» **Problem statement**:
Print, exactly as they stand, the lines below from the one that has "Retro Mystical Folk" to the one that has "农场工人在查看木瓜长势(10", inclusive, leaving out the pictures.

» **Material for the task**:
···

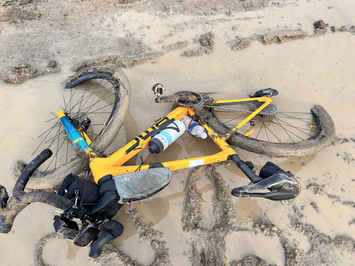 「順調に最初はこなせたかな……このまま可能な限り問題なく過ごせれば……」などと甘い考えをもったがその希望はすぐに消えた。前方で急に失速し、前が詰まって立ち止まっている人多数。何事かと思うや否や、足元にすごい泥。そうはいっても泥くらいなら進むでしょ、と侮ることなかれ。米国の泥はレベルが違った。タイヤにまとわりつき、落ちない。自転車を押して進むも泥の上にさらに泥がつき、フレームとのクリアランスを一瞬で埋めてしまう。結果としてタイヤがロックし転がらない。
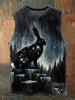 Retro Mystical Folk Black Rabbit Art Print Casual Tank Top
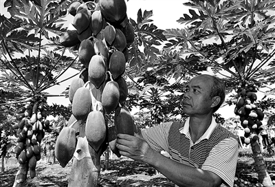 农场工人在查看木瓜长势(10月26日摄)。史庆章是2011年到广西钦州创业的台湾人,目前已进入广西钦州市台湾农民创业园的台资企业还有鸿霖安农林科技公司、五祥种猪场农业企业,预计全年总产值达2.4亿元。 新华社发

···

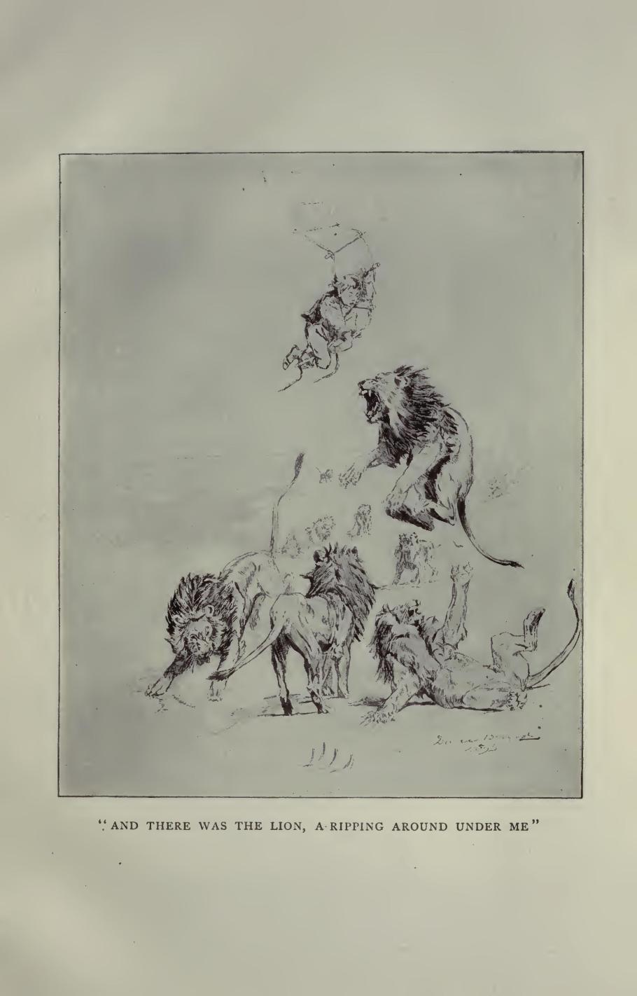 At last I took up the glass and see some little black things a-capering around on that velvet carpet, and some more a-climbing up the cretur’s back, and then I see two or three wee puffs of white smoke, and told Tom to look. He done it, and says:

···

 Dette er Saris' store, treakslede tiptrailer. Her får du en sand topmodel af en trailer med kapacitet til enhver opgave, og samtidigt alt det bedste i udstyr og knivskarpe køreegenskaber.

···

» **Solution to this task**:
 Retro Mystical Folk Black Rabbit Art Print Casual Tank Top
 农场工人在查看木瓜长势(10月26日摄)。史庆章是2011年到广西钦州创业的台湾人,目前已进入广西钦州市台湾农民创业园的台资企业还有鸿霖安农林科技公司、五祥种猪场农业企业,预计全年总产值达2.4亿元。 新华社发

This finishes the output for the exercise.